For Bourdieu, the habitus instils a world-view in its subjects by conferring (cultural) value upon things, be they material or immaterial. Put simply, within the habitus, some things are valourised and some are not. Even at the seemingly intimate level of the body, the habitus posits and bestows specific properties.

Some of these are constructed as ‘good’, while others are ‘bad’ and stigmatised (such as physical strength, beauty, and ugliness). Some attributes are constructed as ‘neutral’ and ‘natural’ (that is, as pre-cultural and ‘objective’). Often, the attributes that are constructed as neutral and natural are those that become the most enduring and difficult to contest (examples of this might include race and gender).

For Bourdieu, valourised properties within the habitus come to constitute cultural capital, the possession of which affects how social and cultural relations are made and remade, and importantly, by whom and for whom.
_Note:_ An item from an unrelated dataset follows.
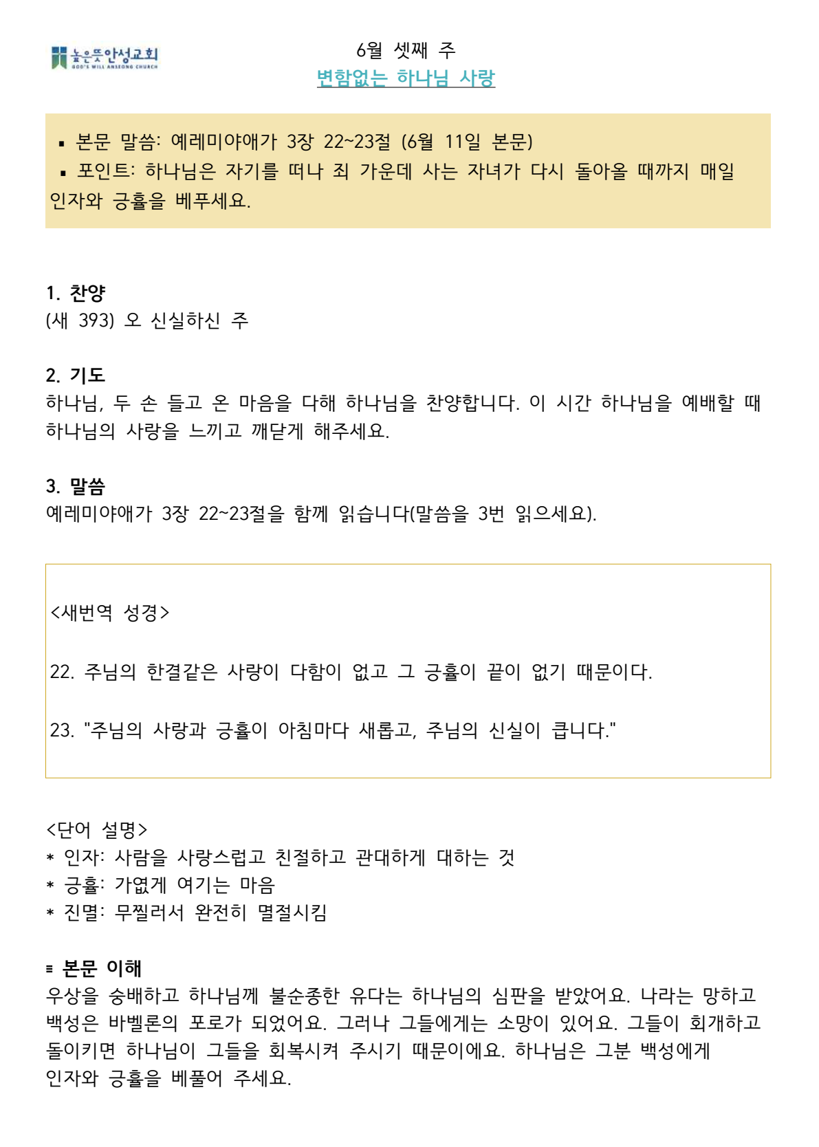 2023년 6월 셋째주 수요 가정예배 순서지 2023.06.10 15:49 소식/가정예배 순서지 2023. 6월 3주 가정예배.pdf 0.09MB 공유하기 게시글 관리 높은뜻 안성교회 저작자표시 (새창열림) '소식 > 가정예배 순서지' 카테고리의 다른 글 2023년 7월 첫째주 수요 가정예배 순서지 (0) 2023.06.24 2023년 6월 넷째주 수요 가정예배 순서지 (0) 2023.06.17 2023년 6월 둘째주 수요 가정예배 순서지 (0) 2023.06.04 2023년 5월 마지막주/ 6월 첫째주 수요 가정예배 순서지 (0) 2023.05.27 2023년 5월 넷째주 수요 가정예배 순서지 (0) 2023.05.20 댓글 공유하기 다른 글 댓글 이 글 공유하기 구독하기 구독하기 카카오톡 카카오톡 라인 라인 트위터 트위터 Facebook Facebook 카카오스토리 카카오스토리 밴드 밴드 네이버 블로그 네이버 블로그 Pocket Pocket Evernote Evernote 다른 글 2023년 7월 첫째주 수요 가정예배 순서지 2023년 7월 첫째주 수요 가정예배 순서지 2023.06.24 2023년 6월 넷째주 수요 가정예배 순서지 2023년 6월 넷째주 수요 가정예배 순서지 2023.06.17 2023년 6월 둘째주 수요 가정예배 순서지 2023년 6월 둘째주 수요 가정예배 순서지 2023.06.04 2023년 5월 마지막주/ 6월 첫째주 수요 가정예배 순서지 2023년 5월 마지막주/ 6월 첫째주 수요 가정예배 순서지 2023.05.27 다른 글 더 둘러보기
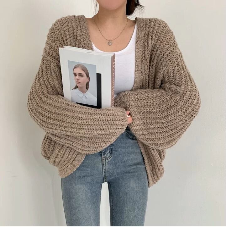 レディース ニット カーディガン ミドル 長袖 ボリューム袖 ランタンスリーブ ワイド ゆったり ざっくりニット かわいい 大人可愛い きれいめ シンプル カジュアル 上品 おしゃれ こなれ感 ラフ メンズライク ガーリー 無地 春 秋 冬 学生 学校 通学 デート お出かけ コーデ

According to Bourdieu, a sense of the habitus—and of that which is valued within the habitus—is conferred through its institutions. This process typically begins with the family setting, and is later consolidated through other institutions such as education and employment.

These institutions continually reinforce and sometimes restructure and amend the subject’s original templates of culture and sociality (that is, the templates by which the subject relates to the world and to others).

Subjects of (or in) the habitus internalise dominant social and cultural ideas, and the modes of being made available therein. By so doing, subjects become particular kinds of subjects (e.g. raced, gendered and/or national subjects; citizens; subjects of the law).

In turn, subjects support, reinforce and ultimately reproduce the habitus itself by subscribing to and propagating its dominant ideas and socio-cultural modes of being. Though subjects of a given habitus seemingly have their own ‘individual’ histories, these nevertheless occur within the same habitus, and become narrated on its terms.

As outlined above, the habitus (re)produces both itself and its subjects through its institutions. It also reproduces the socio-cultural conditions through which subjects relate to one another. Through the habitus subjects acquire a world-view and become particular kinds of subjects who act and conduct themselves as such. One example of this is law, which produces subjects who see the world in particular ways, and whose actions come to be conceptualised as such (for example, as lawful or unlawful).

Another example is the institution of education—both literal and figurative—which bestows titles and degrees such that subjects are not only able to represent their proficiencies and expertise, but so too, their imagined identities within socio-cultural settings. That is, the institutions of schools and universities endow subjects with the authority to represent themselves as doctors and lawyers and so on. Put differently, schools and universities allow subjects to become and represent themselves as particular kinds of subjects.

For Bourdieu, the process whereby the habitus reproduces both itself and its subjects also entails the production of a self-perpetuating system of unequal power relations that does not require direct political struggle between subjects to function. Instead, the habitus produces relationships of domination through its institutions by default, because institutions distribute cultural capital differently and differentially among individuals.

As Bourdieu elaborates, the unequal distribution of cultural capital creates and further exacerbates unequal socio-cultural settings; however, this inequality comes to appear ‘objective’, natural or meritorious within the habitus, because the institutions of the habitus obfuscate the extent to which cultural capital is contingent, and is accumulated via the other forms of capital a subject possesses, including (inherited) economic capital and other inequitable material conditions.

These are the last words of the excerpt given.